= Pen-down strike =

Form of protest where employees refuse to perform their duties

A pen-down strike (sometimes known as a tool-down strike or dropping pen), is a form of nonviolent strike action or a peaceful protest in which an organized group of workers, generally in the private or public sector, partially attend their offices but refuse to work or be involved in office management. Pen-down strikes usually stem from employees stopping work in protest against their employers failing to meet their professional or contractual obligations. In government departments, it is usually observed by the non-gazetted employees in a civil disobedience manner by the workers in an attempt to reach to a consensus.

In some countries, a pen-down strike may not be recognized as a violation of law. In India, pen-down is mentioned in the Industrial Disputes Act, 1947 which defines it as a "labour action". Since it is a symbolic or a nonviolent protest, it achieves goals without being involved in a direct action and demonstration.

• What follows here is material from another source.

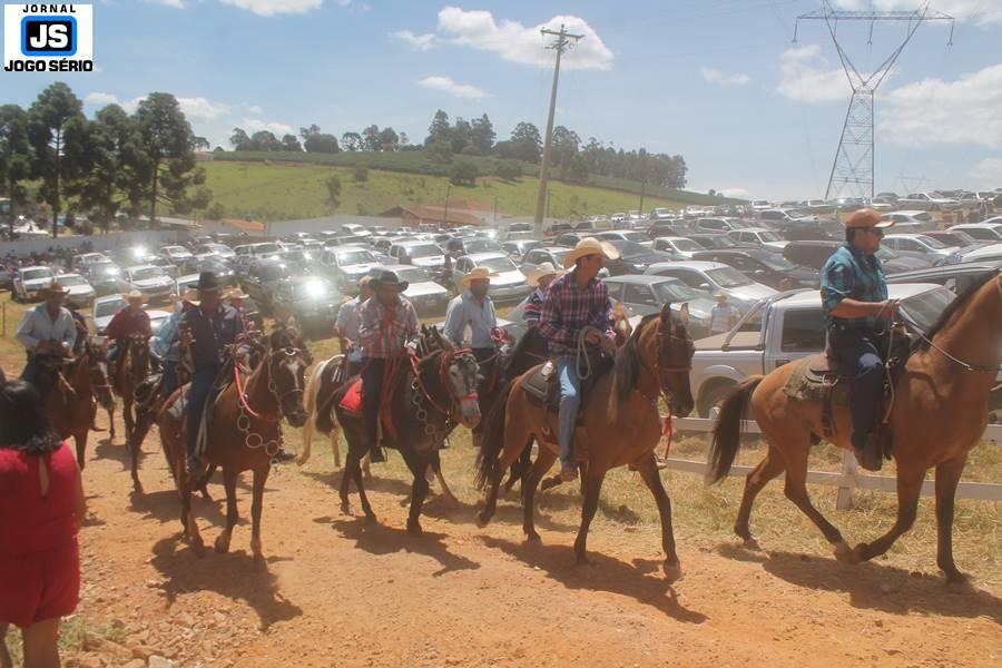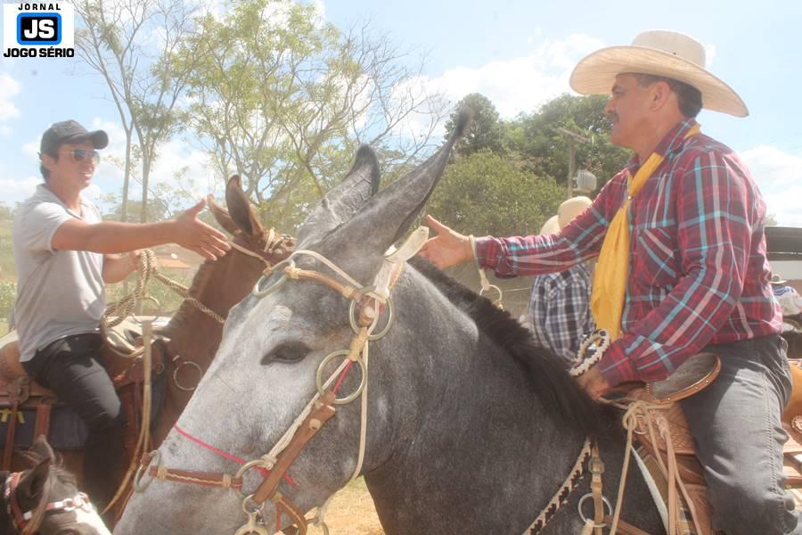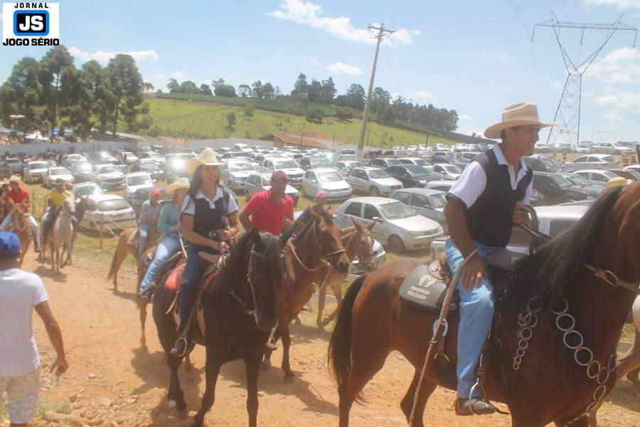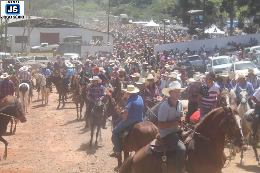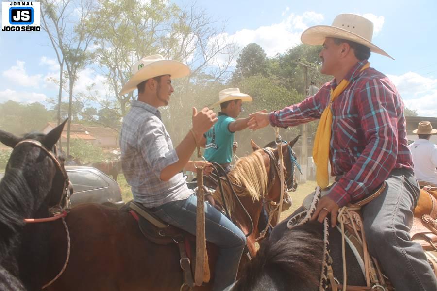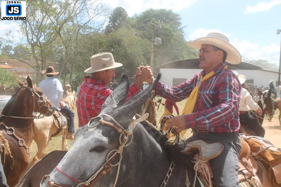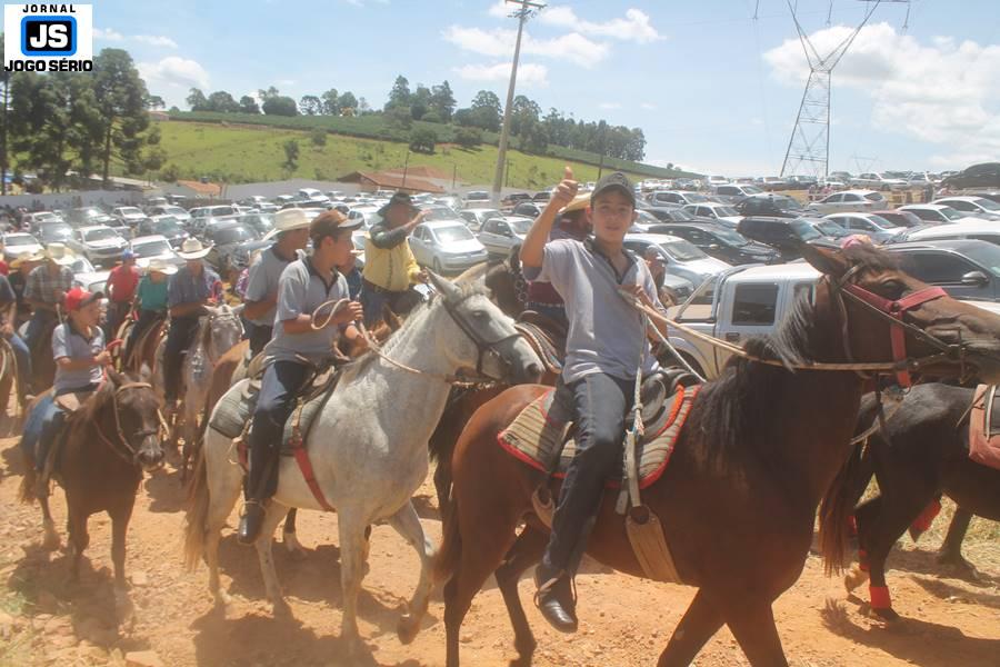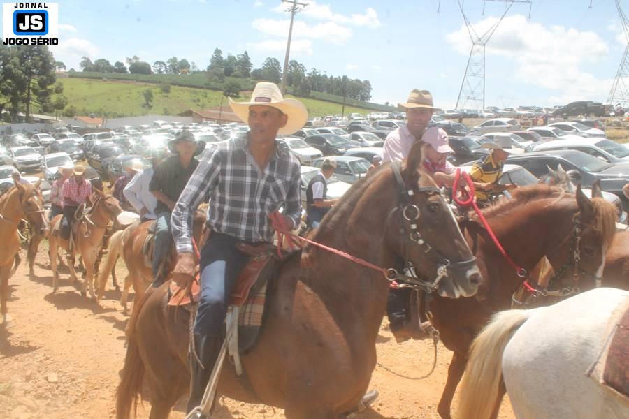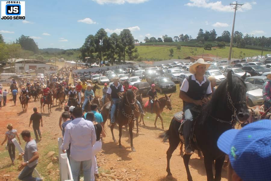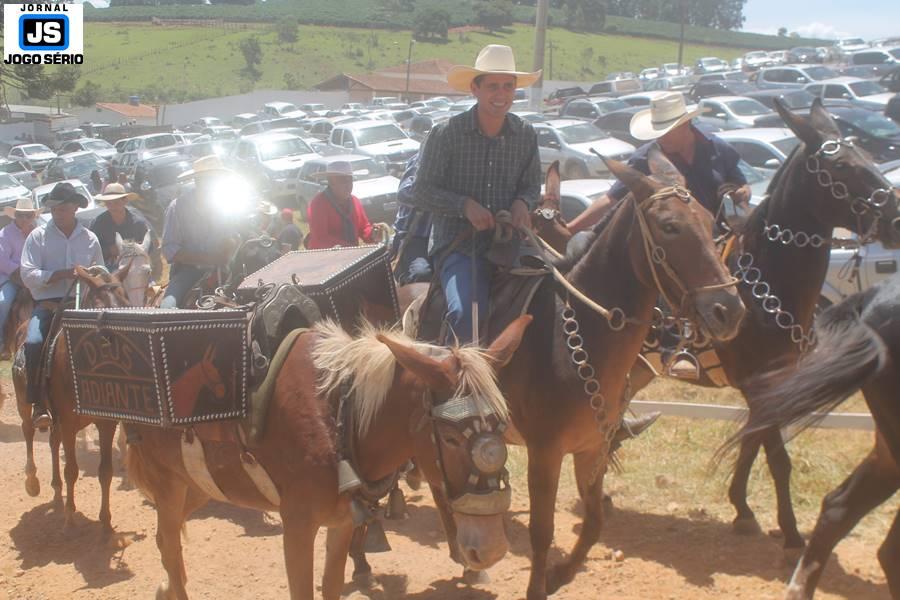 Com o dia ensolarado e a multidão animada, milhares de cavaleiros e amazonas desfilaram pela cidade, numa cavalgada com mais de dois mil e quinhentos animais. Atrativo especial para a cidade, o passeio foi acompanhado de perto por famílias inteiras, as quais apreciavam a referida cultura popular. De volta ao recinto do aniversário, Emidinho Madeira recebeu mais demonstrações carinho, tendo inclusive sido formada uma extensa fila de pessoas interessadas em cumprimentá-lo: "Estamos prestigiando o Emidinho e vendo esta gente bonita nesta festa. O Emidinho, sempre como deputado, é bastante atuante. Há poucos dias, ele fez uma participação nas nossas demandas para o Hospital, liberando uma verba de R$ 215 mil e, tanto eu, como prefeito, quanto a população, está muito agradecida a ele", Adeberto José de Melo (Deco do Estalo), prefeito de Piumhi. "É o maior prazer estar nesta festa do Emidinho, que é muito importante em vários aspectos: como político, pessoa, para a família dele e, enfim, é um homem que está deixando um ótimo exemplo para o Sul de Minas. É um homem humilde, de trabalho, que veio da agricultura e terá um bom futuro na região, se Deus quiser", comentou José Dias de Melo, prefeito de Ipuiuna. "Eu trago aqui o abraço também do governador Fernando Pimentel a nosso amigo, Emidinho Madeira. Não é todo dia que uma pessoa faz 50 anos e, tenho certeza, que desde que ele se entende por gente, em condições de trabalhar, tem feito de sua vida um espaço de serviço ao próximo e é por isto que temos tantas pessoas aqui hoje. E é com este sentimento que trago o abraço do governador e o meu próprio, obviamente", externou o deputado federal Odair Cunha, que desfilou na cavalgada. "Para nós, é um motivo de muita festa e alegria comemorar os 50 anos de Emidinho Madeira. É uma data inesquecível para ele e todos nós, seus companheiros de luta no dia-a-dia. A gente vê a alegria contagiante que sai do sorriso dele e, para nós, também é motivo de muita alegria estar aqui com Nova Resende e a região. A todos, nossas boas vindas!", recepcionou o prefeito de Nova Resende, Celson José de Oliveira.

Pen-down strike was popularized by the government or private employees in India and Pakistan where workers widely observe pen down strikes in order to fulfill their claims or requirements associated with their job or emotions. Sometimes, a pen-down strike is observed in solidarity with other employees working in relevant field when there has been any discrimination or unlawful activity towards employees.

Pen-down strikes are also seen at public hospitals where doctors hold a partial protest and refuse medical treatment to patients, excluding in times of life-threatening situations. While it is a nonviolent protest or strike, employees continue to work in emergency departments and provide emergency medicine to patients.